Task prompt: Copy out the data exactly as it appears, without a single image.

Top of Given data

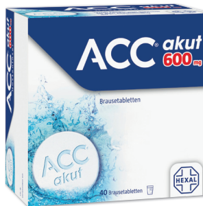
ACC akut 600* 40 Brausetabletten
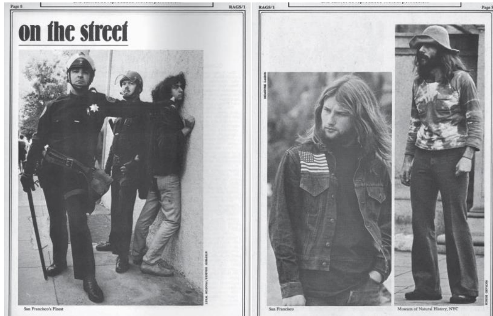
Figure 3. Photographies de hippies dans les rues de San Francisco (1 et 2) et de New York (3) pour “On the Street”, Rags magazine, San Francisco, Californie, N°1, pp. 8-9, Rags Lives, http://ragslives.blogspot.com/2006/10/june-1970-on-street.html . Consulté le 15 mars 2018.
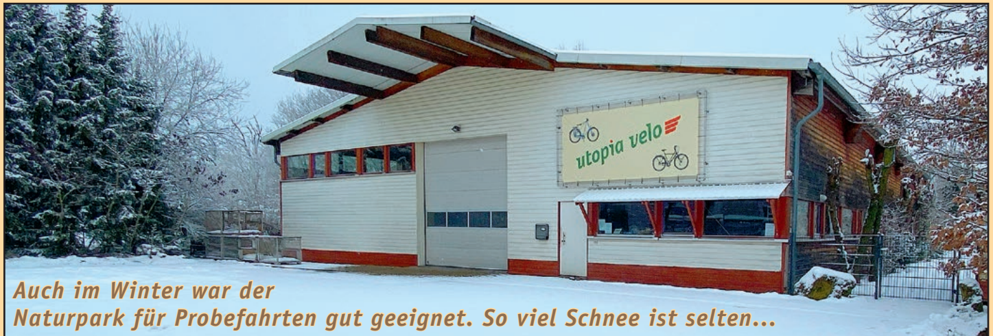
Auch im Winter war der Naturpark für Probefahrten gut geeignet. So viel Schnee ist selten...

Bottom of Given data

Exercise answer:
ACC akut 600* 40 Brausetabletten
Figure 3. Photographies de hippies dans les rues de San Francisco (1 et 2) et de New York (3) pour “On the Street”, Rags magazine, San Francisco, Californie, N°1, pp. 8-9, Rags Lives, http://ragslives.blogspot.com/2006/10/june-1970-on-street.html . Consulté le 15 mars 2018.
Auch im Winter war der Naturpark für Probefahrten gut geeignet. So viel Schnee ist selten...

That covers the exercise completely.